Une méthode dont Grégory Beugnet (3’36’’46 sur 1 500 m, 28’57 sur 10 km) et Fanny Pruvost (4’14’’89 sur 1 500 m, 33’15 sur 10 km) sont les meilleurs exemples de réussite. « Dans mon entrainement, il y a une grosse base aérobie. Il n’y a pas beaucoup de travail en musculation mais par contre, beaucoup de séances de côtes. Quand j’entraine un minime ou un cadet, je lui apprends déjà ce que c’est de courir 50’. Je lui développe sa VMA et ses qualités de vitesse. Mais le truc c’est d’être franc dès le départ avec lui. Tu ne peux pas dire à un cadet : “tu t’entraines 3 fois par semaine et tu vas être un champion chez les seniors“. Ce n’est pas vrai. Il y a une période où les gens ont voulu donner à l’athlétisme l’image d’un sport facile. Il faut arrêter avec ça. Ce n’est pas fun, ce n’est pas vrai. Le sport à haut niveau, en générale, ce n’est pas fun. Je leur dis donc qu’ils vont progresser mais que ça va être difficile. Même des athlètes mauvais peuvent devenir bons s’ils s’entrainent. Alors quand il y en a un qui a du talent… »

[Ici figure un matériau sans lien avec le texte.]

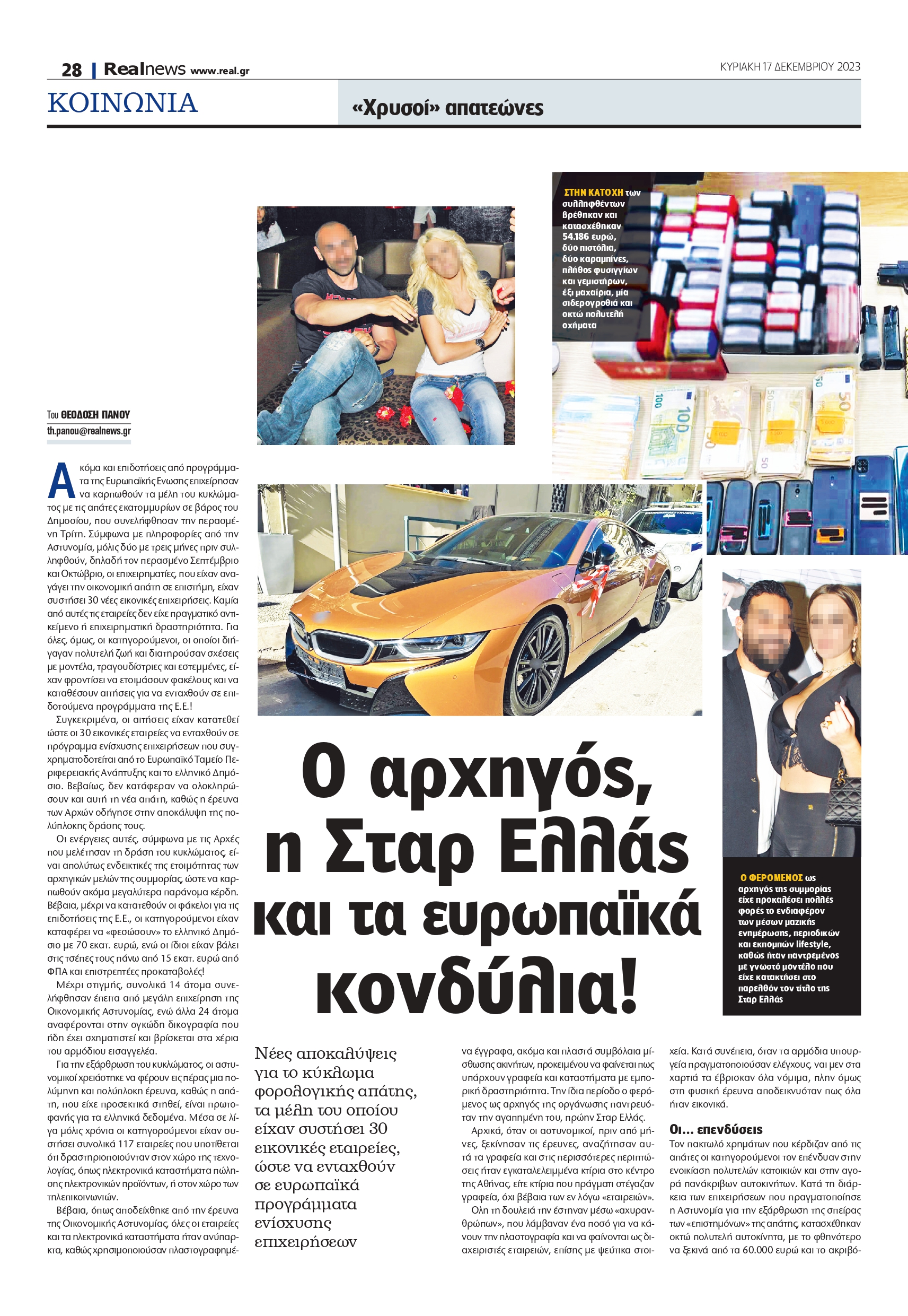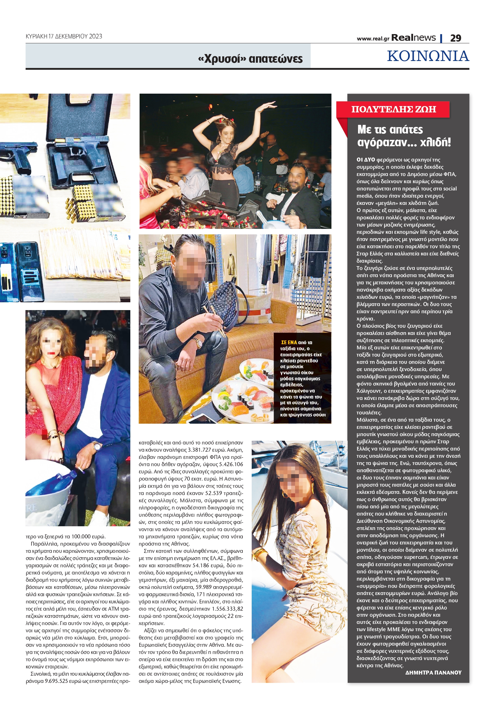 Μάλιστα, σε ένα από τα ταξίδια τους, ο επιχειρηματίας είχε κλείσει ραντεβού σε μπουτίκ γνωστού οίκου μόδας παγκόσμιας εμβέλειας, προκειμένου η πρώην Σταρ Ελλάς να τύχει μοναδικής περιποίησης από τους υπαλλήλους και να κάνει με την άνεσή της τα ψώνια της. Ενώ, ταυτόχρονα, όπως απαθανατίζεται σε φωτογραφικό υλικό, οι δυο τους έπιναν σαμπάνια και είχαν μπροστά τους πιατέλες με σούσι και άλλα εκλεκτά εδέσματα. Κανείς δεν θα περίμενε πως ο άνθρωπος αυτός θα βρισκόταν πίσω από μία από τις μεγαλύτερες απάτες που κλήθηκε να διαχειριστεί η Διεύθυνση Οικονομικής Αστυνομίας, στελέχη της οποίας προχώρησαν και στην αποδόμηση της οργάνωσης. Η ονειρική ζωή του επιχειρηματία και του μοντέλου, οι οποίοι διέμεναν σε πολυτελή σπίτια, οδηγούσαν supercars, έτρωγαν σε ακριβά εστιατόρια και περιστοιχίζονταν από άτομα της υψηλής κοινωνίας, περιλαμβάνεται στη δικογραφία για τη «συμμορία» που διέπραττε φορολογικές απάτες εκατομμυρίων ευρώ. Ανάλογο βίο έκανε και ο δεύτερος επιχειρηματίας, που φέρεται να είχε επίσης κεντρικό ρόλο στην οργάνωση. Στο παρελθόν και αυτός είχε προκαλέσει το ενδιαφέρον των lifestyle ΜΜΕ λόγω της σχέσης του με γνωστή τραγουδίστρια. Οι δυο τους έχουν φωτογραφηθεί αγκαλιασμένοι σε διάφορες νυχτερινές εξόδους τους, διασκεδάζοντας σε γνωστά νυχτερινά κέντρα της Αθήνας.

« Un mec comme Thomas Veilleroy aurait pu faire comme Greg Beugnet »

Des athlètes doués, il en a vus passer, à l’image de Thomas Veilleroy (3’45’’07 sur 1 500 m en 2007). « Un mec comme Thomas Veilleroy, était très doué. Ce que Greg (Beugnet) a fait, il aurait pu le faire. Mais il a toujours été regardant à l’entrainement sur le volume. Et au moment où il a souhaité plus s’investir, il a eu son accident de chasse. »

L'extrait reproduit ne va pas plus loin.